On ne s'en rend pas immédiatement compte mais les politiciens fédéraux sont des gens méritants. Ils mettent de façon plus ou moins désintéressée leurs immenses compétences au service de notre pays. Leur tâche est le plus souvent ingrate car ils ne disposent pas toujours de la latitude nécessaire pour donner le meilleur d'eux-mêmes, devant parfois tenir plus ou moins compte de l'avis du peuple. Et c'est fâcheux. Il arrive que la populace bornée, confrontée aux soucis du vulgaire, n'ait pas la vision globale des enjeux. Comme le dit Gabin dans le Président, on a une mauvaise vue d'ensemble quand on voit les choses de trop près. Là où le Conseil fédéral et le parlement voient Europe, le quidam voit dumping salarial, chômage, oukases liberticides, crime vagabond et asile à tout va. Comme le dit Gabin toujours : "Nous ne parlons forcément pas de la même Europe". Cette divergence de vue complique bien évidemment les rapports que la classe politique veut entretenir avec l'eurocratie, soucieuse qu'elle est de frétiller dans la cour des puissants. Nous avons pu le constater avec l'initiative du 14 février 2014 visant à lutter contre l'immigration de masse. Le citoyen a égoïstement pensé à lui et choisi de limiter l'accès à notre marché du travail. Horreur ! Comment expliquer cela à Bruxelles ? Comment faire comprendre à l'illustre aéropage que la démocratie directe présente un inconvénient majeur, à savoir permettre au peuple de s'intéresser à ce qui le concerne ? Après une visite à Bruxelles pour prendre leurs instructions, nos politiciens ont tout bonnement choisi d'ignorer la volonté populaire, félonie saluée par la Commission européenne fort satisfaite de voir que ses laquais étaient prêts à trahir pour complaire.
Cela ne suffisait pas. Le choix populaire du 14 février constituait un tel affront qu'il fallait faire plus pour s'excuser envers Jean-Claude Juncker et ses sbires. La majorité du Conseil fédéral a donc choisi de faire payer la population pour sa décision erronée. Il faut en effet punir ces hommes et ces femmes qui prétendent savoir ce qui est bon pour eux. Le gouvernement va donc nous faire les poches et y soutirer un milliard trois-cents millions de francs qui seront généreusement distribués au sein de l'Union européenne. Bien évidemment, il eût été vulgaire de négocier la moindre contrepartie, pareille largesse se doit d'être désintéressée. Un beau cadeau bien dans l'esprit gauchiste toujours généreux avec l'argent des autres. Le parti socialiste ne s'y trompe d'ailleurs pas, qui applaudit à tout rompre, soulignant la bonne affaire que fait la Suisse.

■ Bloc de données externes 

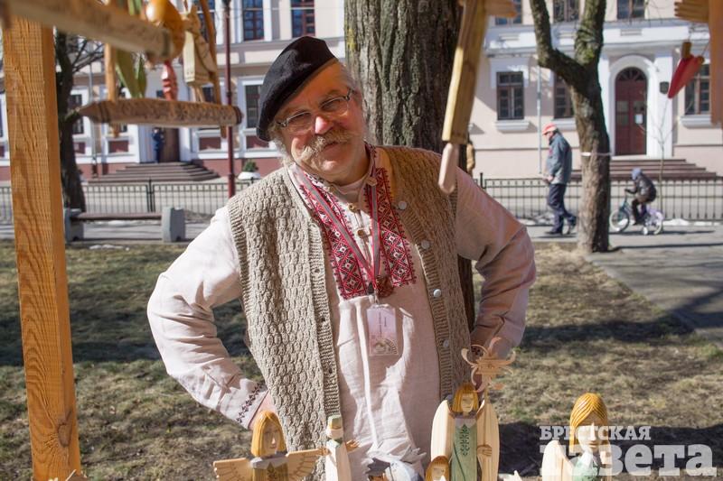 Народны майстар Рэспублікі Беларусь Уладзімір Чыквін з Кобрына прывёз свае драўляныя працы. «Яны з беларускім акцэнтам, бо я з Беларусі і ўсё раблю па-беларуску, не магу інакш», — кажа ён.

Au-delà du montant que le contribuable aura à régler, cette affaire met une nouvelle fois en lumière l'inféodation préoccupante de notre classe politique vis-à-vis de Bruxelles. Nos élus, dans leur immense majorité, ont clairement démontré qu'ils préfèrent les intérêts de l'Union européenne aux nôtres, qu'ils placent l'humeur des eurocrates au-dessus de la démocratie suisse. Les mamours entre Doris Leuthard et Jean-Claude Juncker constituent un magnifique bras d'honneur aux citoyens suisses à qui la présidente de la Confédération fait savoir qu'ils sont priés de fermer leur bouche et d'ouvrir leur porte-monnaie. C'est une leçon à un milliard trois-cents millions. C'est une leçon dont il faudra se souvenir en 2019, à l'occasion des élections fédérales.